The Obama administration’s focus on climate change was an egregious waste of tax money, talent, and political capital. To think that major international crises were bargaining chips to win support for a meaningless, costly climate pact is disgraceful. The film also shows Kerry doing the obligatory Al Gore photo-op, looking at floating icebergs, as if “extreme diplomacy” could stop them from melting.

Rhodes has an influence on Kerry, too. Before one speech, Rhodes preps Kerry on his presentation and asks about questions afterwards. Kerry indicates he will take as many questions as the press wants, but Rhodes cuts him off and instructs the secretary of state to only answer two. “Let us deal with the rest. You don’t want to subject yourself to too many.”

I will spare you the obscenities that flew out of my mouth every time Rice appeared on-screen.

‘All the Trendlines Are Going in the Wrong Direction’

The only likable figure is Power. A mother of young children, she’s shown trying to juggle motherhood with an extremely demanding job that requires constant travel. An Irish immigrant and compassionate woman easily moved to tears, Power was probably better suited to fill a less-visible position, or at least one that didn’t require a lot of moxie.

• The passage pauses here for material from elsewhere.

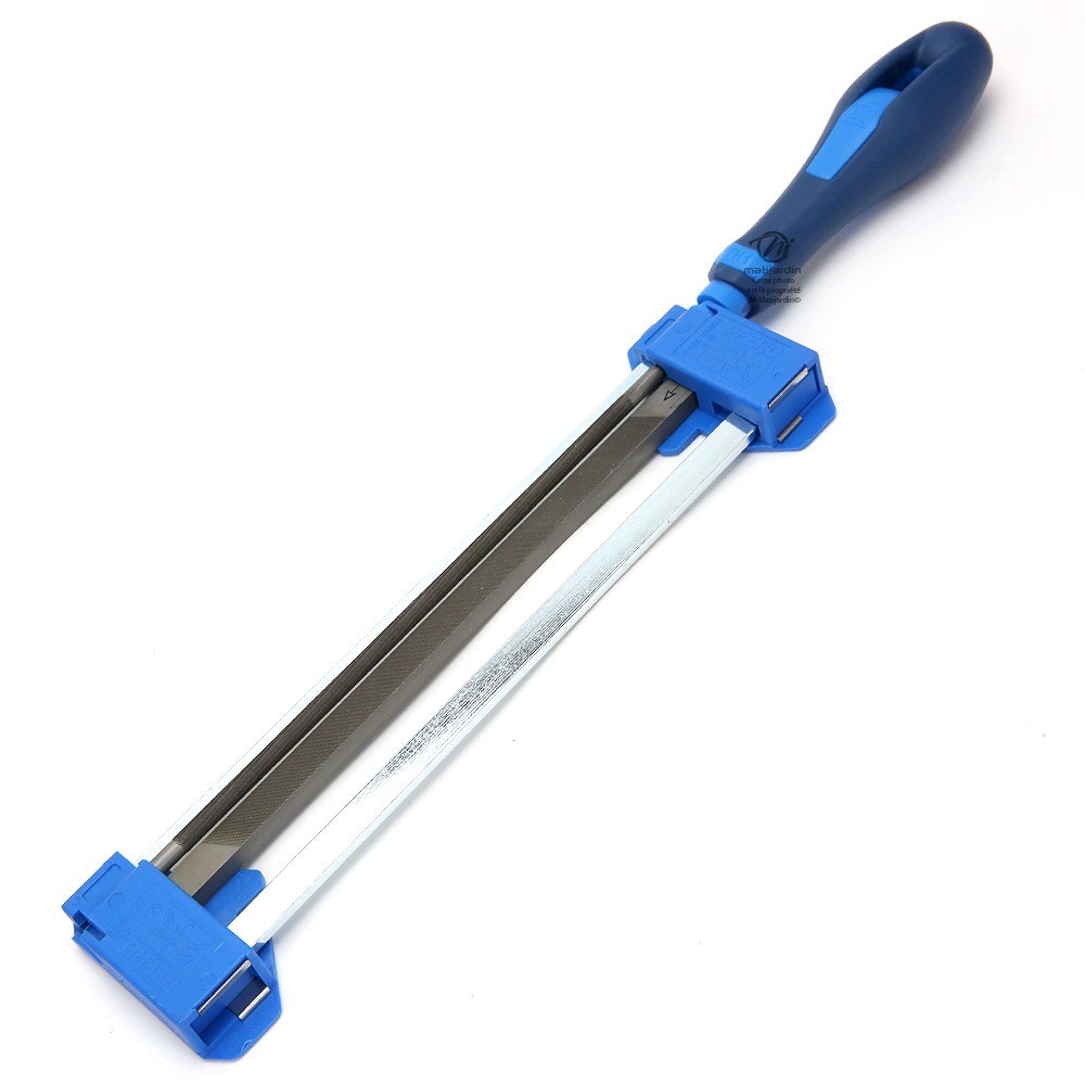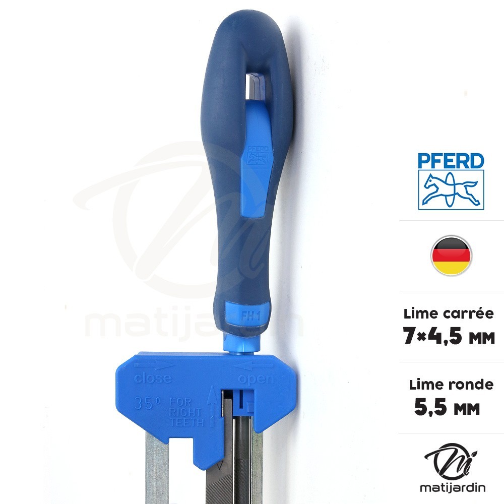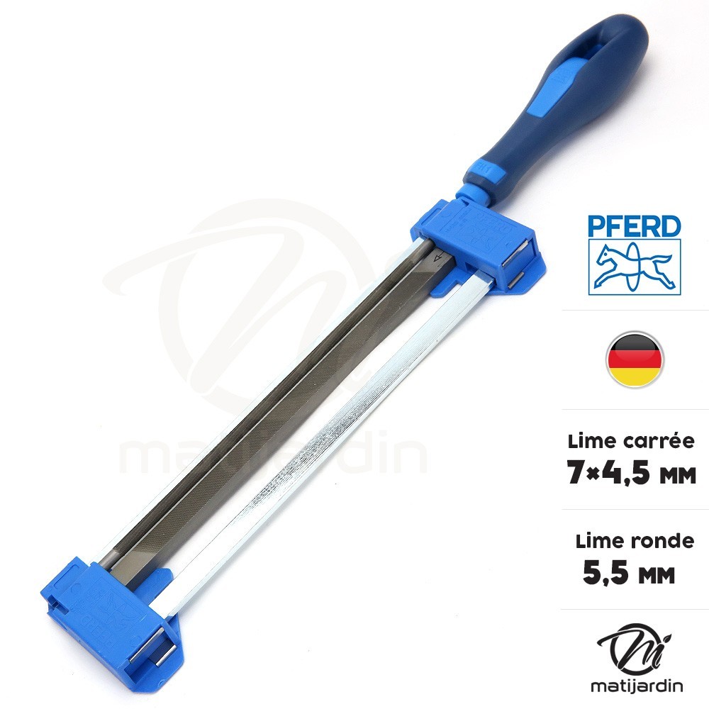 Lime ronde Ø 5,5 mm + lime carrée 7x4,5 mm. Porte lime d'affûtage Pferd

She meets with Syrian refugees, then travels to Nigeria to visit parents of the girls kidnapped by Boko Haram. While she’s genuinely distraught by their plight, Power can do little more than offer empty words of sympathy, and says the United States “will never give up” helping find the girls. During the trip, Power’s motorcade accidentally kills a seven-year-old boy who ran into the street. She stops by the parents’ home to express her condolences.

There is tension between Rhodes and and Power over Obama’s final U.N. speech. Power explains the “fundamental differences” between the Obama-Rhodes’ stance that the world is generally in good shape, and her much more pragmatic view where “65 million people are displaced” and “all the trendlines of democracy are going in the wrong direction.”

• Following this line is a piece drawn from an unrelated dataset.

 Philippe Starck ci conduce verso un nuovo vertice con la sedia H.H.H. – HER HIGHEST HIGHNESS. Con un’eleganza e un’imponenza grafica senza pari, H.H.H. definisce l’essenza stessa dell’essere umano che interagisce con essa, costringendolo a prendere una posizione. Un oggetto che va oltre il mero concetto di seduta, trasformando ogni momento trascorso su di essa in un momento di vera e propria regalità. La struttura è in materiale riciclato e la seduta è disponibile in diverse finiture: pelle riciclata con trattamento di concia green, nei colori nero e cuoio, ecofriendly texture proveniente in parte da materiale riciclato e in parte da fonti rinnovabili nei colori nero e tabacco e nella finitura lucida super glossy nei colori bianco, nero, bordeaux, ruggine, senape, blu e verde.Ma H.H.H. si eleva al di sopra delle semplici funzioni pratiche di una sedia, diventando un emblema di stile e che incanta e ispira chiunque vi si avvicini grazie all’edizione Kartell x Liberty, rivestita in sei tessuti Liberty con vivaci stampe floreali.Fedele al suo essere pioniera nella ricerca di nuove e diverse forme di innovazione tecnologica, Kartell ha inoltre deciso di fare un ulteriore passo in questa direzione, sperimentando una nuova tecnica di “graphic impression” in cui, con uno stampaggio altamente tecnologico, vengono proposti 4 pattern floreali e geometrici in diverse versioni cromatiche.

She clicks off a list of nearly 20 countries that are in complete chaos. Power is proven right shortly thereafter, when a tenuous Syrian ceasefire breaks down, and the country devolves into what one news outlet can be heard describing as “a complete meltdown of humanity.”

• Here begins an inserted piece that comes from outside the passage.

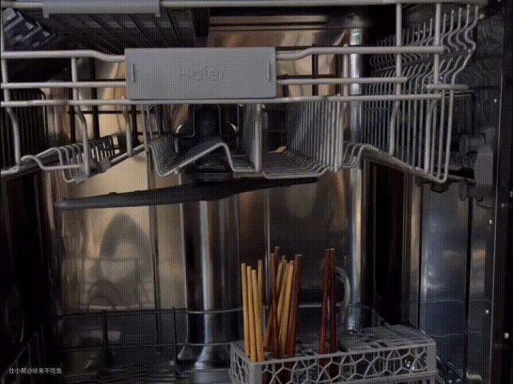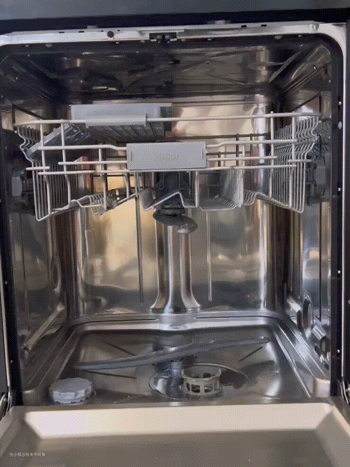 给大家看看整个喷淋臂的操作,餐具放在碗篮中,然后喷淋臂开始操作运转。为了方便大家观看,我把下碗篮取出来了。

Then, election night. Power invited Gloria Steinem, Madeline Albright, and 37 female UN ambassadors to her home to watch the election coverage: The mood and facial expressions change dramatically as state after state is awarded to Trump. Power was mocked for her comment in Politico about wanting “to milk the soft power dividend of this moment,” but that’s just how she talks.

After the election is called for Trump, Rhodes is filmed sitting outside the Javits Center, alone. He’s at his most Clooney-ish in this scene, struggling for several minutes to come up with a reaction, only to conclude with, “I can’t put it into words.”

“The Final Year” is a reminder of Obama’s chaotic and weak approach to foreign policy, and the mess they left behind for the Trump administration: Plenty of cockroaches and rats around the world to chase.